• _WHAT TO WORK ON_: Copy only what lies from the line containing "WITH GRANT OPTION" through the line containing "Cet article, publié" in the entries below, keeping both end lines exact and dropping every picture.

• _RECORD EXTRACTS_:
# # # # #

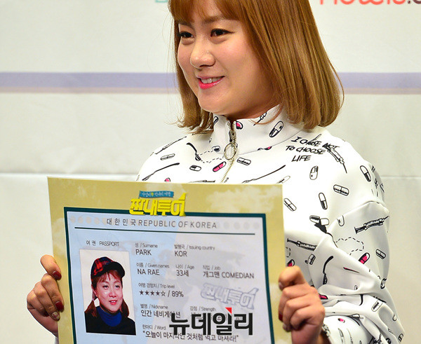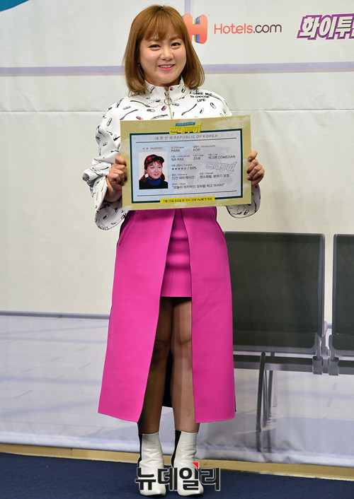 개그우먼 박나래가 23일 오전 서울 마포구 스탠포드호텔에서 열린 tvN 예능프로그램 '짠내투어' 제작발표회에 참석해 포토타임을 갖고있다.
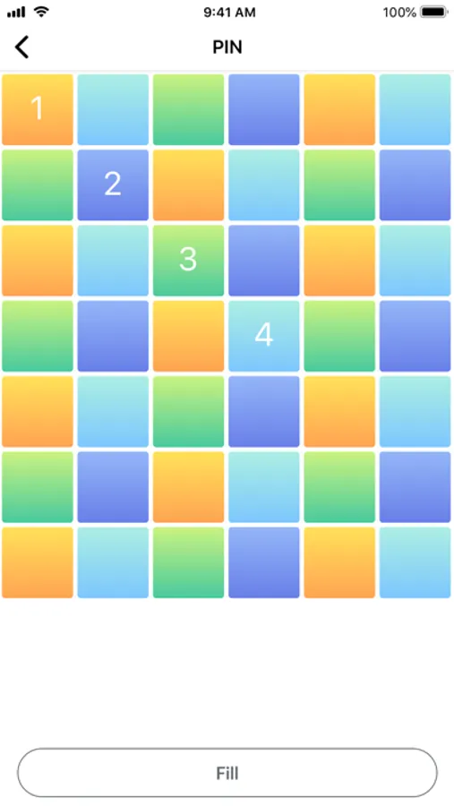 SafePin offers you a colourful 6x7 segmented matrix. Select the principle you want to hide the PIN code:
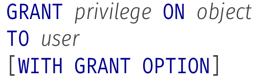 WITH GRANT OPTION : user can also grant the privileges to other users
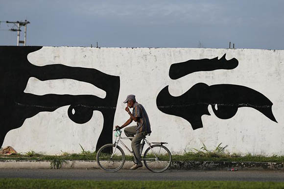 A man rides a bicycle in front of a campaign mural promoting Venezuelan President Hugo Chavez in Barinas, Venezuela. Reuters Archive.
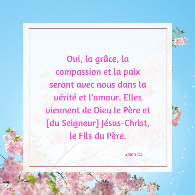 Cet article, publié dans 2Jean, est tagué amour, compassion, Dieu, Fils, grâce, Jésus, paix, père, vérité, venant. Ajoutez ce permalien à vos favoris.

# # # # #

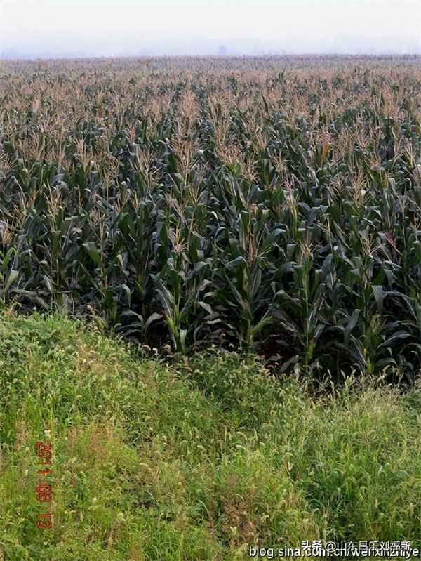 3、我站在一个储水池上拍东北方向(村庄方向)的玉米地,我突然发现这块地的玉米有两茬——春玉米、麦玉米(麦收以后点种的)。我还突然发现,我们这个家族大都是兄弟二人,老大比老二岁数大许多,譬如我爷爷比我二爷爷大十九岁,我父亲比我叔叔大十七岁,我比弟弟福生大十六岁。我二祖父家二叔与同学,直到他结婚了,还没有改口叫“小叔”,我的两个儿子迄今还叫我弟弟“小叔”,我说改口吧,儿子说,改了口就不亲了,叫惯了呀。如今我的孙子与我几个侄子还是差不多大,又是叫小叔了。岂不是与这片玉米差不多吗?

# # # # #

• _COMPLETED TASK_:
 WITH GRANT OPTION : user can also grant the privileges to other users
 A man rides a bicycle in front of a campaign mural promoting Venezuelan President Hugo Chavez in Barinas, Venezuela. Reuters Archive.
 Cet article, publié dans 2Jean, est tagué amour, compassion, Dieu, Fils, grâce, Jésus, paix, père, vérité, venant. Ajoutez ce permalien à vos favoris.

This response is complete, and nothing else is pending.